Find the line containing "Na pláži bývalá" in the material below, then please transcribe it and each line after it exactly, without the pictures.
** Material shown follows **
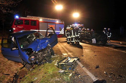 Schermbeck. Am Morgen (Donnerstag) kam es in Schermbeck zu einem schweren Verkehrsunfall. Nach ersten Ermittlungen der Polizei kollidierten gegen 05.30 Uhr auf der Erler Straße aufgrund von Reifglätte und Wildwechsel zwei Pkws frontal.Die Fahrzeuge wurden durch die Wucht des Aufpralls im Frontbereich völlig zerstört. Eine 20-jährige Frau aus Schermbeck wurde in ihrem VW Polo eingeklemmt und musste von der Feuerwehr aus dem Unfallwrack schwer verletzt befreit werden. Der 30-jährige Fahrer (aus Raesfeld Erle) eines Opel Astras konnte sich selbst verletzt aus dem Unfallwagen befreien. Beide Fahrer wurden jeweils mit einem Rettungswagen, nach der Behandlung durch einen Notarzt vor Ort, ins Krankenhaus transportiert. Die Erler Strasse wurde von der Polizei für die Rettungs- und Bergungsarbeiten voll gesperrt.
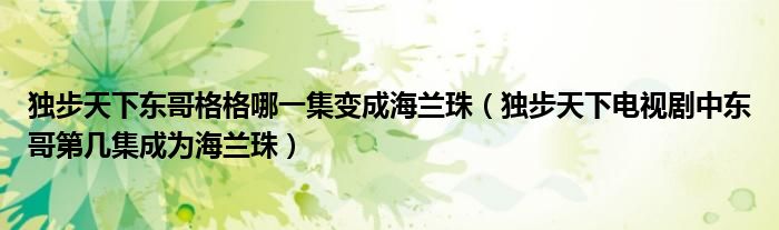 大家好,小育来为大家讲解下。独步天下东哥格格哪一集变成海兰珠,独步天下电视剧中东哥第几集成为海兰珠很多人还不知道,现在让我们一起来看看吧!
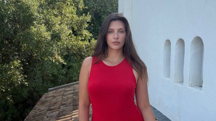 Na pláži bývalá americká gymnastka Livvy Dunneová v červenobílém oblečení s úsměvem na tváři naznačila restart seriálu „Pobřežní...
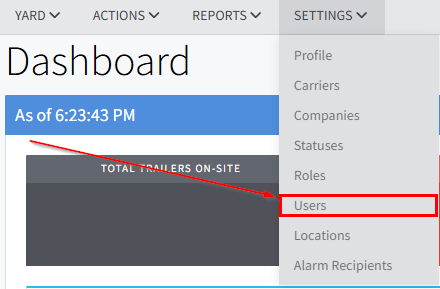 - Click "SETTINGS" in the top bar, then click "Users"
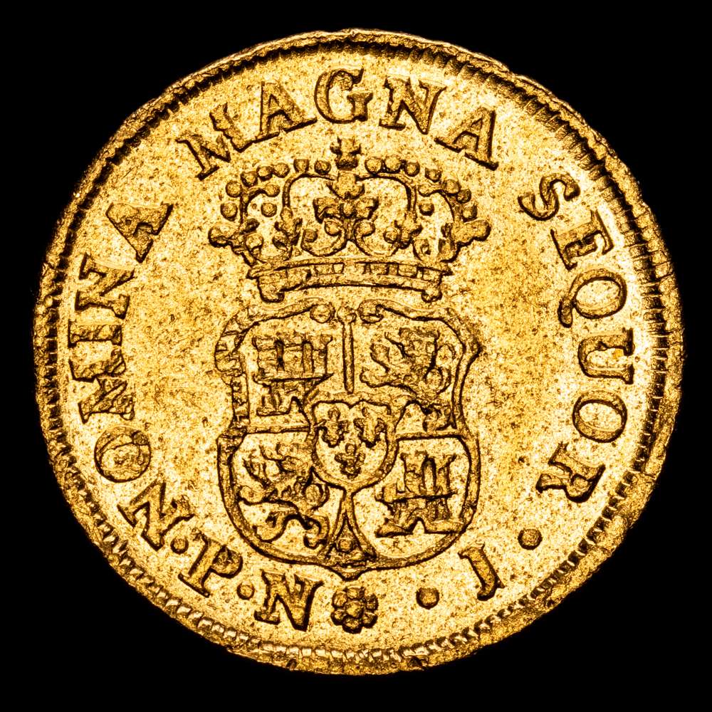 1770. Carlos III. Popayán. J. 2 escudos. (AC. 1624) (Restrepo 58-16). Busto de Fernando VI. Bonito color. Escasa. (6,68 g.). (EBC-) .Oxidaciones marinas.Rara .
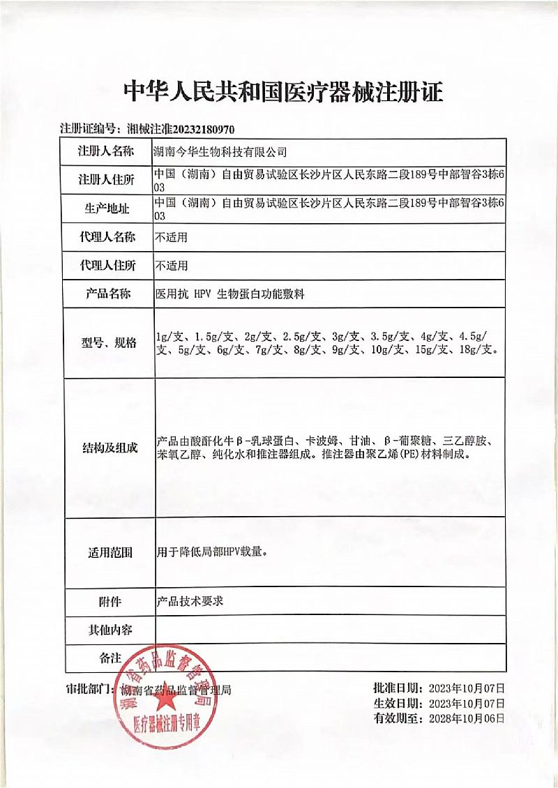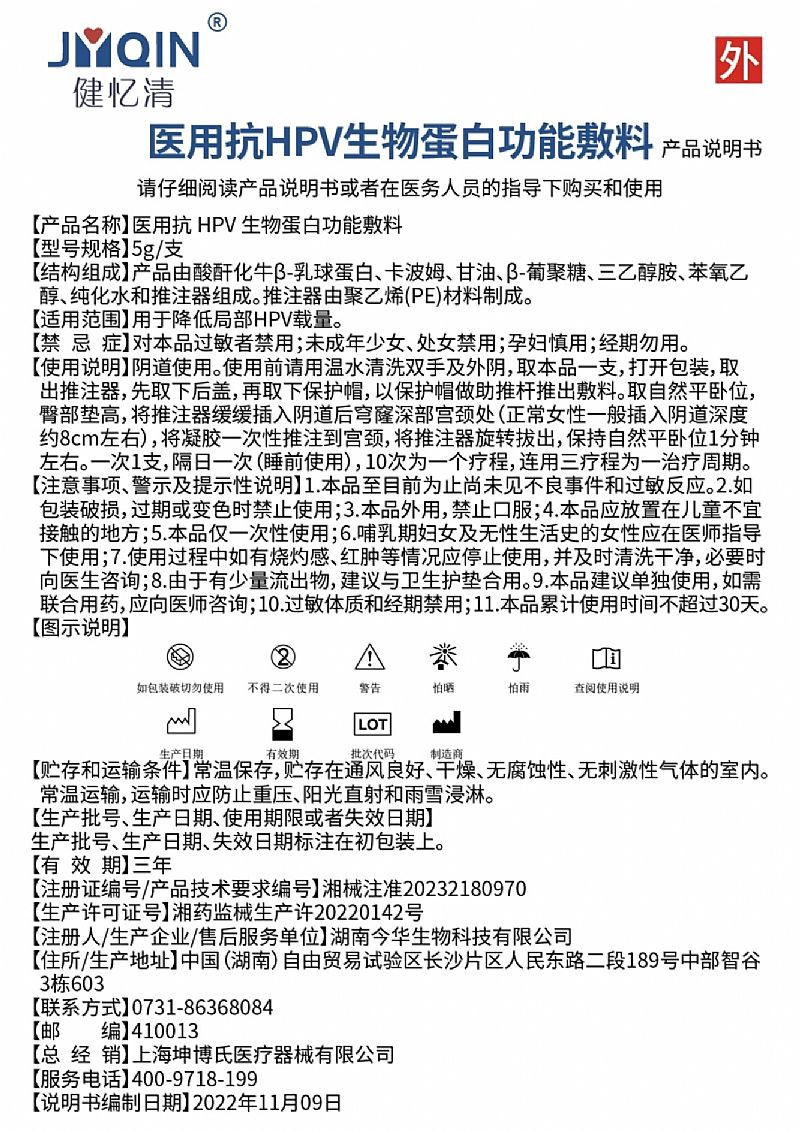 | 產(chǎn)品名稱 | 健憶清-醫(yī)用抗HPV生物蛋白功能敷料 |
** End of Material shown **
**Completed exercise**
 Na pláži bývalá americká gymnastka Livvy Dunneová v červenobílém oblečení s úsměvem na tváři naznačila restart seriálu „Pobřežní...
 - Click "SETTINGS" in the top bar, then click "Users"
 1770. Carlos III. Popayán. J. 2 escudos. (AC. 1624) (Restrepo 58-16). Busto de Fernando VI. Bonito color. Escasa. (6,68 g.). (EBC-) .Oxidaciones marinas.Rara .
 | 產(chǎn)品名稱 | 健憶清-醫(yī)用抗HPV生物蛋白功能敷料 |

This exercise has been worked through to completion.